Aim of the task: Give again, exactly and only, the lines running from the one with "Divina Comédia, de" to the end of the material below; leave out pictures.

Entries shown:
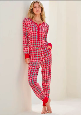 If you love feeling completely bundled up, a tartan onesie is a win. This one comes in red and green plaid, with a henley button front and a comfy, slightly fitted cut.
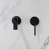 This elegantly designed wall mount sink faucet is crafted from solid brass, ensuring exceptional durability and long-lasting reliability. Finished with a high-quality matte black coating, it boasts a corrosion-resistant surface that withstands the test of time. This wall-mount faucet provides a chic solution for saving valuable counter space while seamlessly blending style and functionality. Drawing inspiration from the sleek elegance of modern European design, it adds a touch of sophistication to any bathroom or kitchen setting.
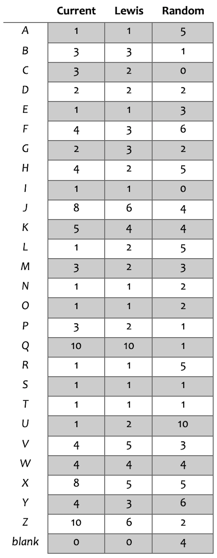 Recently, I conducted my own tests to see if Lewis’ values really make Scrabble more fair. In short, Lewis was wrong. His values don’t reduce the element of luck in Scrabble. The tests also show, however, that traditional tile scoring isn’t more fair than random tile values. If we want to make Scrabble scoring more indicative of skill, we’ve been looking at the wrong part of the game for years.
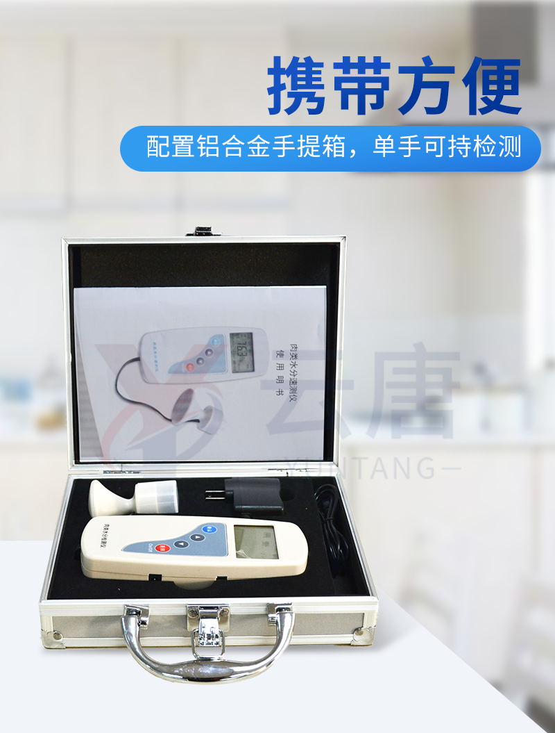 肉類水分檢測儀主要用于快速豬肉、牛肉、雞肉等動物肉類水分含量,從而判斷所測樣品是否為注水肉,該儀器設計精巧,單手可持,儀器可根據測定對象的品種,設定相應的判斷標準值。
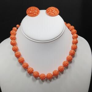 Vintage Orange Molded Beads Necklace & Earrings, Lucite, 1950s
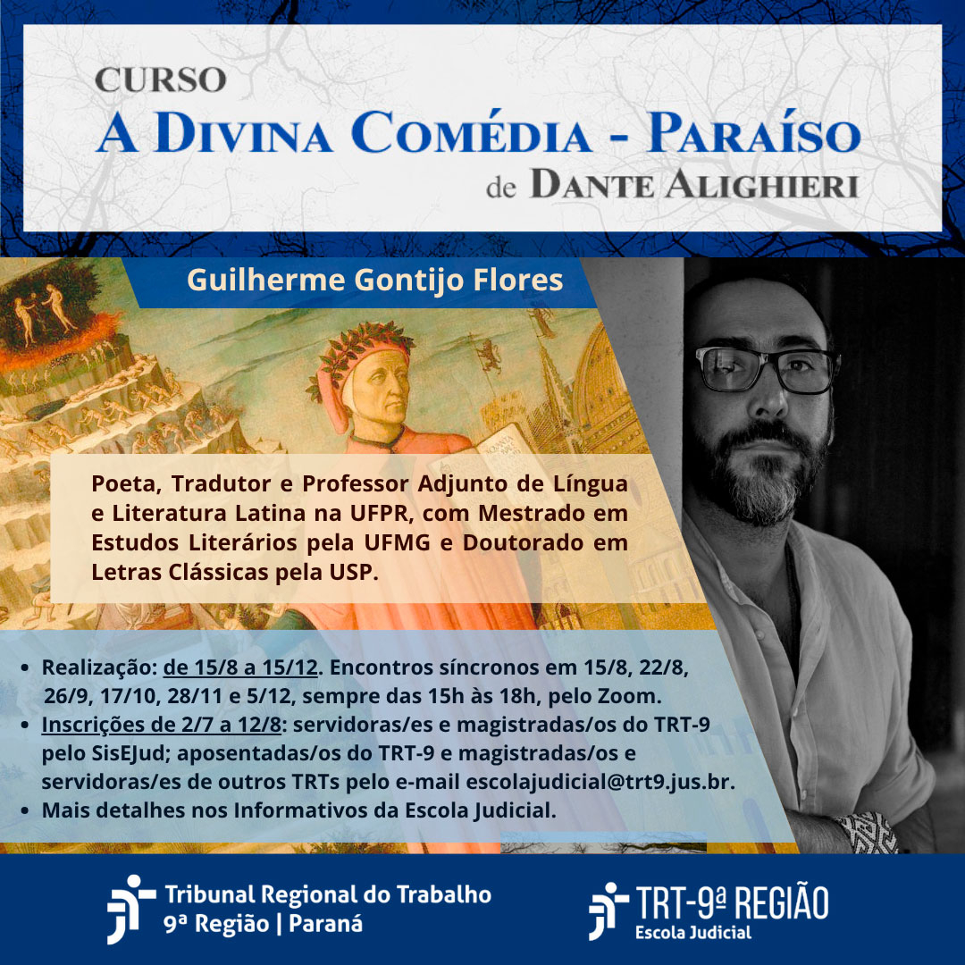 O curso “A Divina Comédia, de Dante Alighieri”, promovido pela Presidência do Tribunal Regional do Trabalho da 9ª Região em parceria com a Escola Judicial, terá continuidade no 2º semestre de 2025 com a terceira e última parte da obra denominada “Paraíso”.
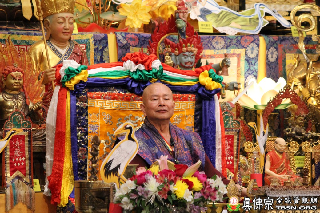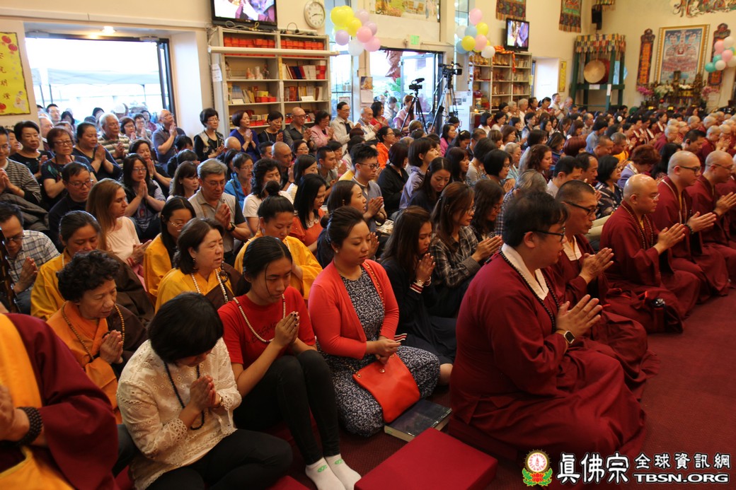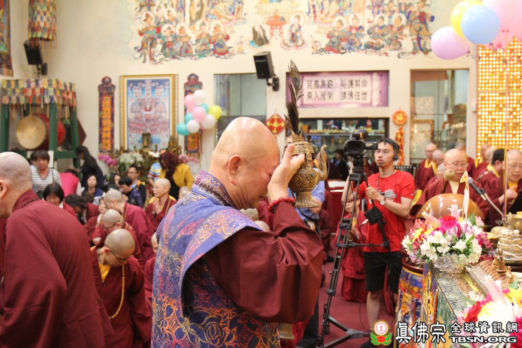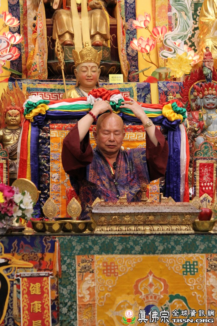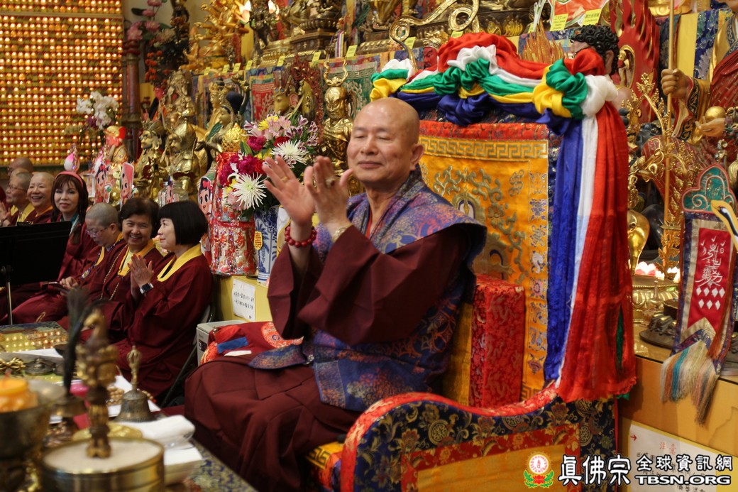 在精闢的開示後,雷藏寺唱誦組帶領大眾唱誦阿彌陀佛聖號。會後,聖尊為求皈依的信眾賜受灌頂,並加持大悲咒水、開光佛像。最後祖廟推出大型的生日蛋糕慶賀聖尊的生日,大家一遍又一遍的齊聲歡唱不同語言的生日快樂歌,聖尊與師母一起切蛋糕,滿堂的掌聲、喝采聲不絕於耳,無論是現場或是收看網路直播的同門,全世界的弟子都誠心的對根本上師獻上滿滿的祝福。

Written reply:
 O curso “A Divina Comédia, de Dante Alighieri”, promovido pela Presidência do Tribunal Regional do Trabalho da 9ª Região em parceria com a Escola Judicial, terá continuidade no 2º semestre de 2025 com a terceira e última parte da obra denominada “Paraíso”.
 在精闢的開示後,雷藏寺唱誦組帶領大眾唱誦阿彌陀佛聖號。會後,聖尊為求皈依的信眾賜受灌頂,並加持大悲咒水、開光佛像。最後祖廟推出大型的生日蛋糕慶賀聖尊的生日,大家一遍又一遍的齊聲歡唱不同語言的生日快樂歌,聖尊與師母一起切蛋糕,滿堂的掌聲、喝采聲不絕於耳,無論是現場或是收看網路直播的同門,全世界的弟子都誠心的對根本上師獻上滿滿的祝福。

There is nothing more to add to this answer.